Chef vs. Chef is a 16-week competition at Max's Harvest hosted by chef Eric Baker that pits local chefs against one another, cooking up surprise ingredients for a panel of judges — and our tasting pleasure.
For the past six weeks, Chef vs. Chef participants and supporters have been wondering, "Who is Kemar Griffiths?"
On Wednesday night, they found out. Three words: tall, dark, and handsome. The Rusty Hook Tavern (New Times 2015 Best Waterfront Dining pick) executive sous chef is a new face among South Florida chefs, having relocated from NYC, where he worked for eccentric chef Paul Liebrandt. Griffiths' opponent was the ever-charming Jarod Higgins of Cut 432, who battled Eric Grutka last year.
Judging the battle were Avocado Grill executive chef Julien Gremaud (who will collaborate with Eric Baker and Grato's Clay Conley to host a special dinner on Tuesday, August 23, with proceeds benefitting Share Our Strength’s No Kid Hungry campaign), SpiritedSouthFlorida founder and lifestyle editor Renée Korbel Quinn, and Breakthru Beverage program development specialist and award-winning mixologist Nick Nistico.
As usual, the secret ingredients were provided by Sunshine Provisions:
Korean melon, also known as Cameh melon, Golden melon, Oriental melon, and Japanese cantaloupe, is a small, oblong, light-yellow-colored melon with a flavor similar to honeydew.
Red boat fish sauce is a first press, “extra virgin” Vietnamese fish sauce. A staple of southeast Asian cuisine, the amber-colored liquid imparts an unmistakable umami flavor. This particular fish sauce is made from salted black anchovies aged in wooden barrels for a year or more.
Locally caught swordfish has a mild, sweet flavor and a meaty texture. When cooked perfectly it has a buttery texture, but it can become overcooked and tough very quickly.

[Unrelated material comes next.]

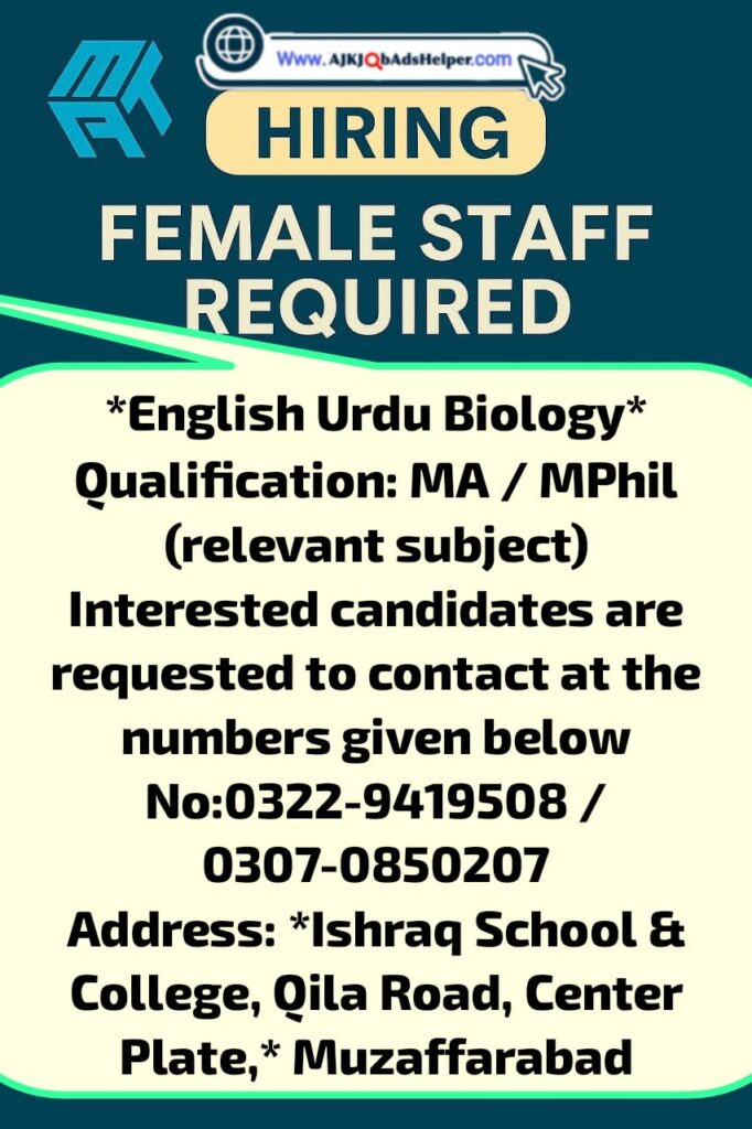 Address: *Ishraq School & College,Qila Road, Center Plate,* Muzaffarabad

After the 15-minute brainstorming session concluded, the chefs began slicing up their swordfish. Griffiths was silent and focused as he worked, prompting Baker to ask Griffiths’ supporters in the front row, “Is he always like this?” (He is.)
Griffiths presented the first dish: Korean melon gazpacho with apple and ginger. He garnished the light yellow soup with chef Baker’s house-cured bacon and mint oil. “Well balanced,” said Gremaud. “Very seductive,” said Korbel Quinn.
Higgins’ first dish was a “quick-brined” swordfish ceviche with red onion, bell peppers, ahi Amarillo (a Peruvian yellow pepper paste), and lime juice. It was garnished with a strip of crispy fried wonton.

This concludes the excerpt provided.